Having a baby may not be safer. Latin American girls under age 16 are four times more likely to die from illness during pregnancy or in child birth according to the World Health Organization.

One problem is that the enemy often is the man of the house. A 2011 survey in Peru showed that 2.8 percent of women aged 15 to 49 reported being raped by their partners in the last 12 months.

Both traditional Roman Catholic and emerging evangelical Protestant leaders condemn rape as strongly as they champion the unborn child. And yet while their "pro-life" zeal has made Latin America home to some of the strictest rules against abortion, this is little solace to the victims of sex crimes who are bound to carry their forced pregnancy to term.

Six Latin nations — Chile, Dominican Republic, El Salvador, Honduras, Nicaragua and Peru — still allow no quarter even for rape victims. In 2011, the Nicaraguan government took custody of a 12-year-old rape victim to make sure she carried her pregnancy to term.

In El Salvador, 17 women, famously, were sent to jail between 1999 and 2011 for miscarriages and charged with "aggravated homicide."
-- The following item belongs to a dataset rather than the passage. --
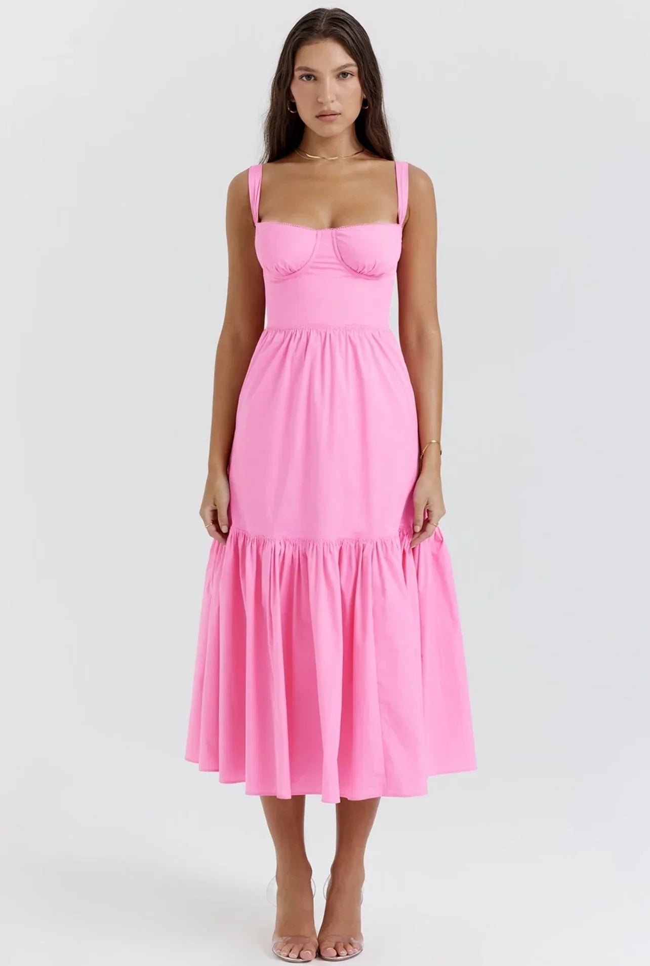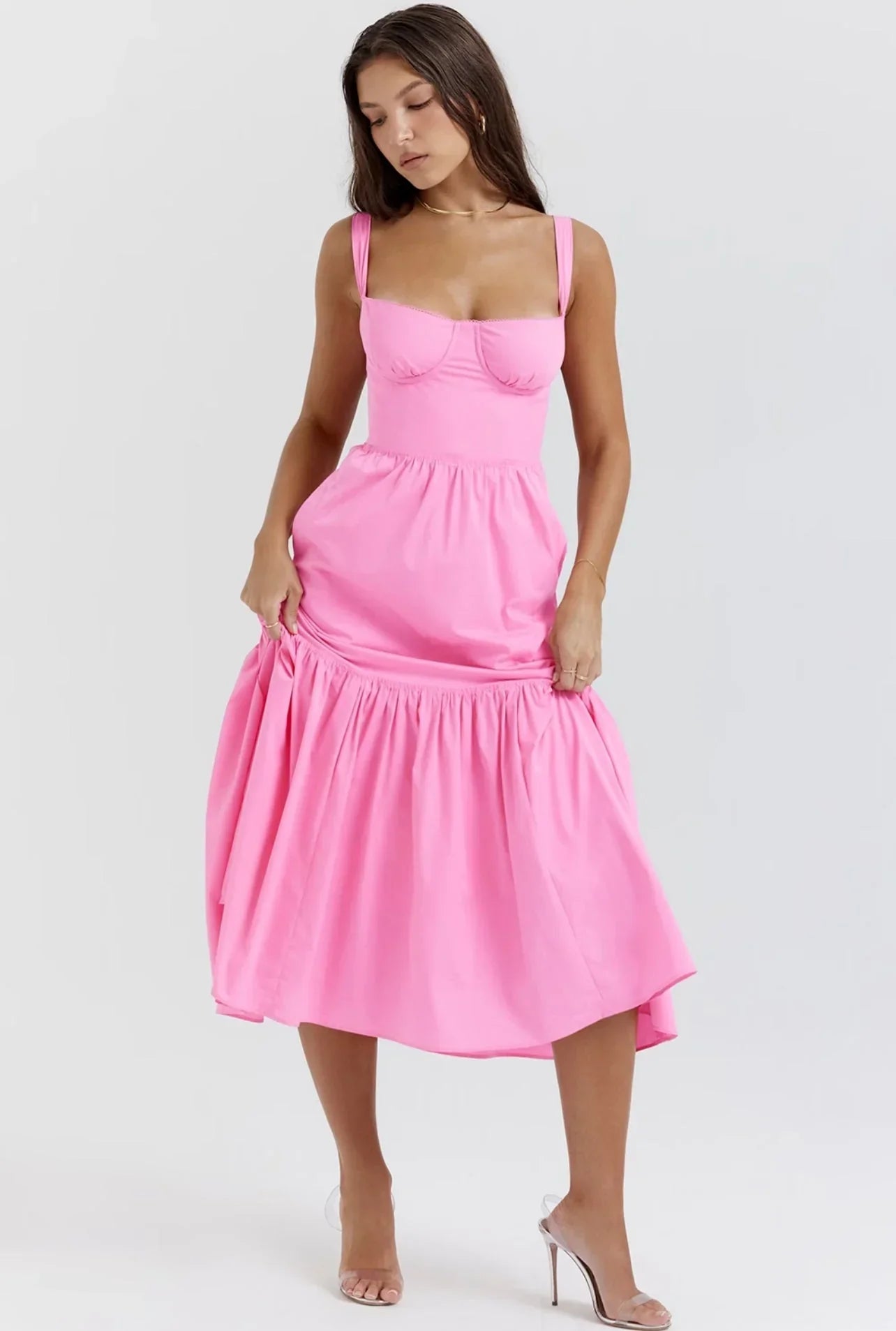 The flattering midi length offers a sophisticated silhouette that gracefully skims the body, while the lightweight fabric ensures comfort and ease of movement. A cinched waist enhances your natural curves, and the soft, flowing skirt adds a touch of whimsy and grace.
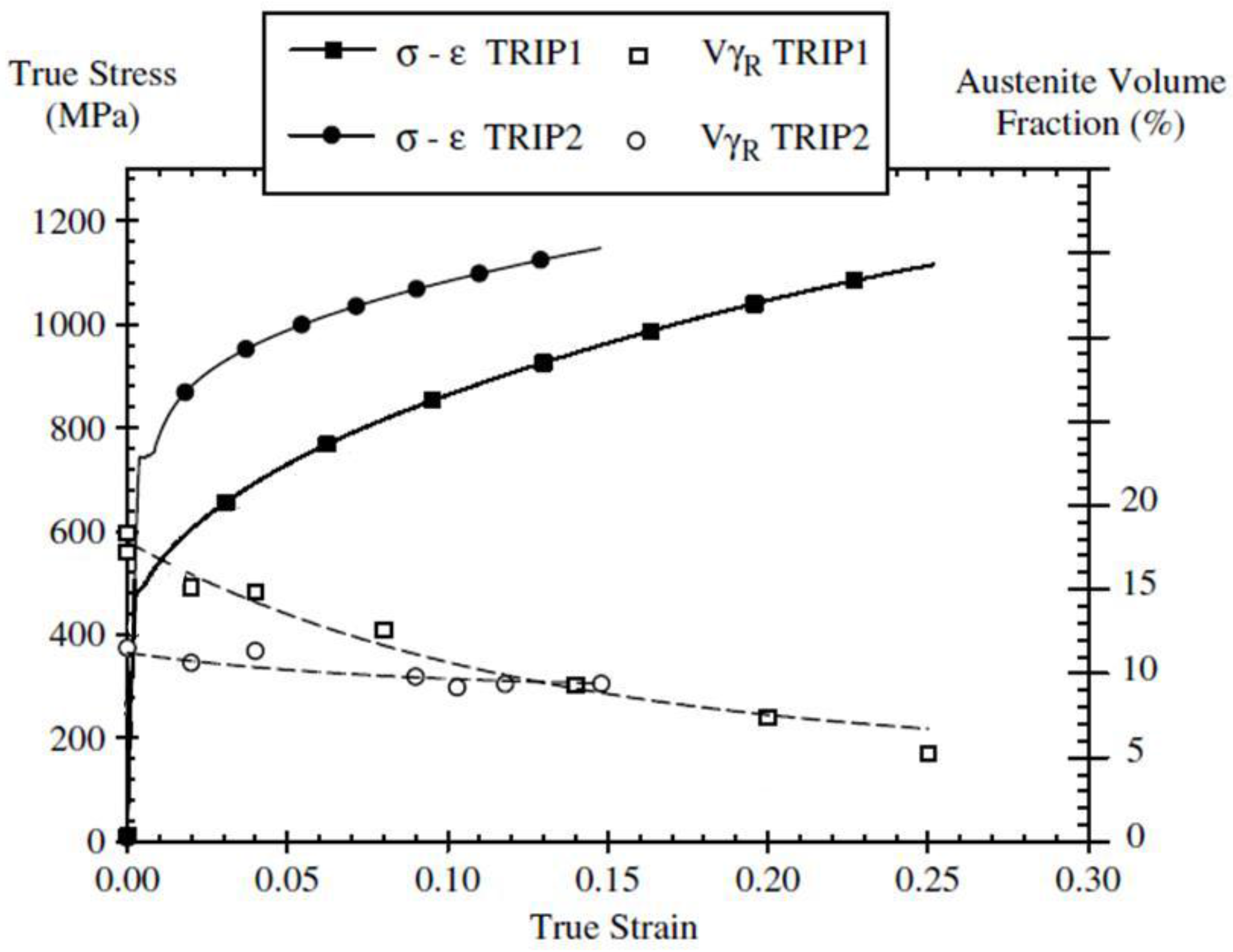 Two examples of the tensile response of two typical transformation induced plasticity (TRIP) aided steels and their corresponding austenite fraction evolution. Adapted from reference [47].

Though some countries have recently relaxed their anti-abortion laws, the path to reform has been fraught. Chilean President Michelle Bachelet, a paediatrician, is pushing for change but has clashed with conservative lawmakers, who have manoeuvered 12 times since 1991 to maintain the country's total ban on abortions. This is the land where her predecessor, Sebastian Pinera, lavishly praised a "brave and mature" 11-year-old rape victim who had declared on national television she was glad to have her baby.

Paraguayan authorities finally arrested the fugitive stepfather accused of rape last week, but only after the global media frenzy and the girl's mother making repeated complaints of his sexual aggression.

The police's job is far from done. A national survey this week reported at least 80 more pregnant girls aged 10 to 17 in the country, and the Paraguayan health ministry confirmed that 42 Paraguayan teenagers died in 2013 during abortions or because of complications from pregnancy.
As broadminded and socially bold as Pope Francis has been, no one expects Rome to budge on abortion or birth control. But it will be interesting to hear what the first Latin American pope has to say when he touches down in Asuncion in July.